Initial validation of the tool was achieved by first testing performance of the tool on two separate subsets of pneumonia records (dataset1&2) that were parsed through the cTAKES NLP pipeline and also manually reviewed and classified initially by expert reviewers, blinded to NLP pipeline classification. When compared to expert manual review and classification, cTAKES NLP pipeline accurately classified 76.3% (95% CI = 66.6%, 86.2%) and 83% (95% CI = 71.9%, 95.7%) of pneumonia chest X-ray reports in dataset 1 and dataset 2 respectively. The algorithm when validated against Comparison of NLP classification outcome with clinical “gold standard” (classification by a pulmonologist expert reviewer) yielded 88% sensitivity and 75% specificity, demonstrating strong performance and capacity for providing clinical decision support in ICU’s for interpreting chest x-ray reports of patients with equivocal pneumonia diagnoses. The NLP tool exhibited a high sensitivity and specificity, comparable to findings from previous studies that similarly applied radiology review to pneumonia validation. The ONYX NLP system developed by Dublin et al.⁵ to validate pneumonia cases had sensitivity and specificity of 92% and 87% respectively. Mendonca et al. evaluated the feasibility of a NLP system MedLEE to identify healthcare associated pneumonia reported sensitivity and specificity of 71% and 99%, respectively⁶. In another study to determine the accuracy of the NLP system for identifying patients with “true” pneumonias, Elkin et al. used Multi-threaded Clinical Vocabulary Server(MCVS) NLP system ⁸. They reported an accuracy of 96.25% and sensitivity and specificity of 100% and 90.3% respectively. A study team at Kaiser Permanente of Northern California evaluated the feasibility of NLP to identify pneumonia in chest radiographs of critically ill patients admitted to an intensive care unit¹⁴. They reported the sensitivity and specificity of 89.9% and 87.5% respectively for NLP performance.

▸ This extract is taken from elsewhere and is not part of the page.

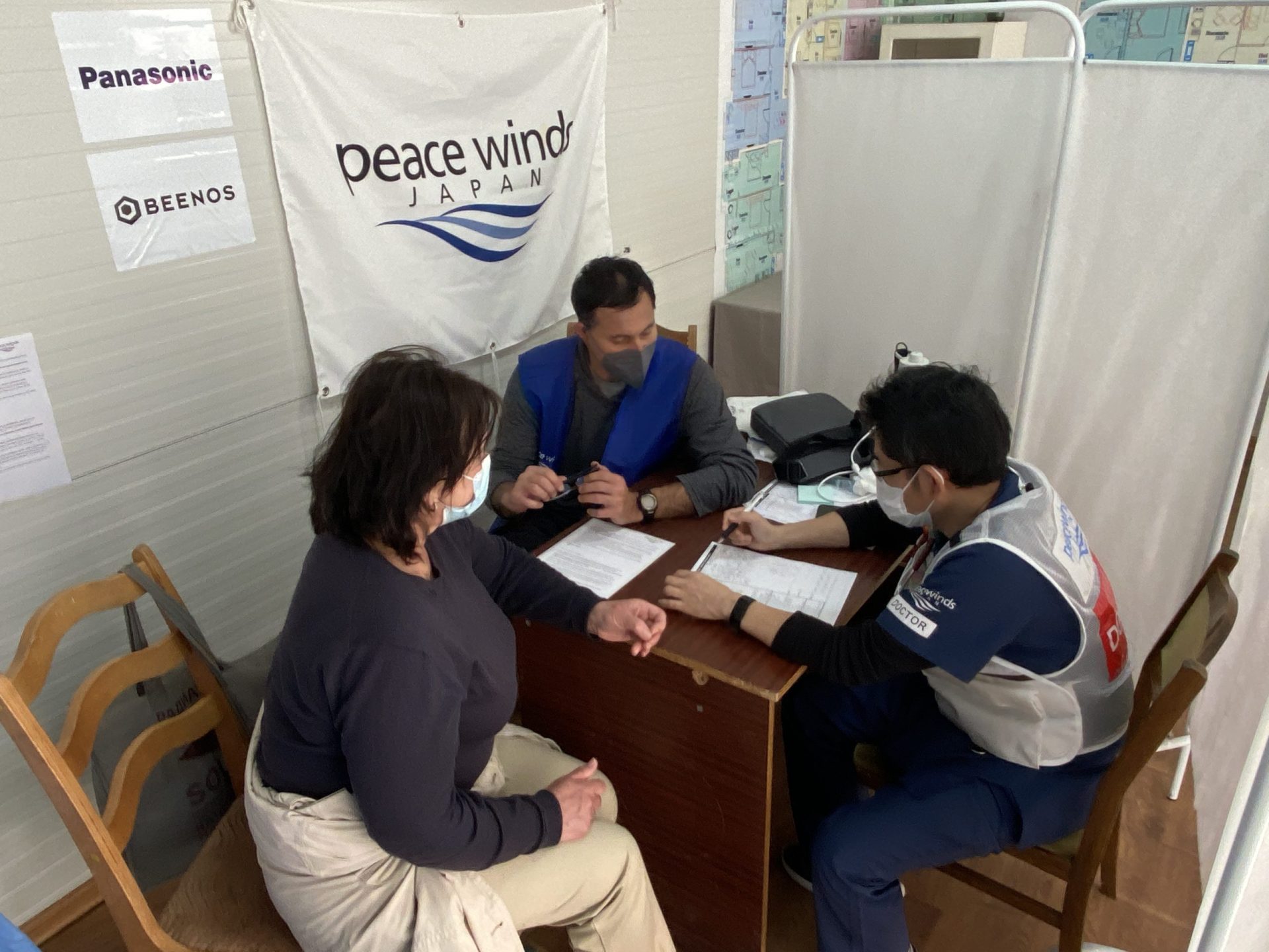 ピースウィンズ・ジャパンは、3月末に医師と看護師をウクライナから避難民が流入するモルドバに派遣し、避難所などで医療ニーズの調査を行ってきました。このたびモルドバ保健省から医療行為の許可を受け、4月7日にウクライナ避難民向けの食品・日用品の配布所の前に仮設診療所(medical point)を開設し、診療を開始しました。

The pneumonia specific cTAKES NLP tool described herein also had a negative predictive value (NPV) of 95.6 % comparable to that reported previously by Dublin et al.⁵ However the tool showed a moderate positive predictive value (PPV) of 64.2%. Moreover outcomes of NLP classification also exhibited a low false negative rate of 11% and a moderate false positive rate of 22%.

4.1. Limitations

A limitation of this study was that the decision rules that were designed to access the NLP output involved complex inferencing and it was challenging to develop multiple decision rules to address ambiguities in the radiological text. However, since our main objective was to validate positive cases of pneumonia for a larger study that was attempting to develop a rule-based algorithm for classifying pneumonia by the setting in which occurred, the number of episodes validated as ‘positive’ across cohorts 1 and 2 still remained substantive (n=27,097).

Another limitation was that in its present format the pneumonia specific cTAKES NLP tool was not able to utilize additional clinical knowledge (e.g. clinical notes of the patient) available in the EHR. These limitations impacted on the overall performance of the NLP tool, as evidenced by the 22% false positive rate and relatively high number of putative pneumonia cases classified as needing additional manual review. Future research will explore the utilization of clinical notes to improve NLP decision rules. Use of machine learning techniques to further decrease the rate of false positives and false negatives in classifying the pneumonia episodes will also be investigated in future studies.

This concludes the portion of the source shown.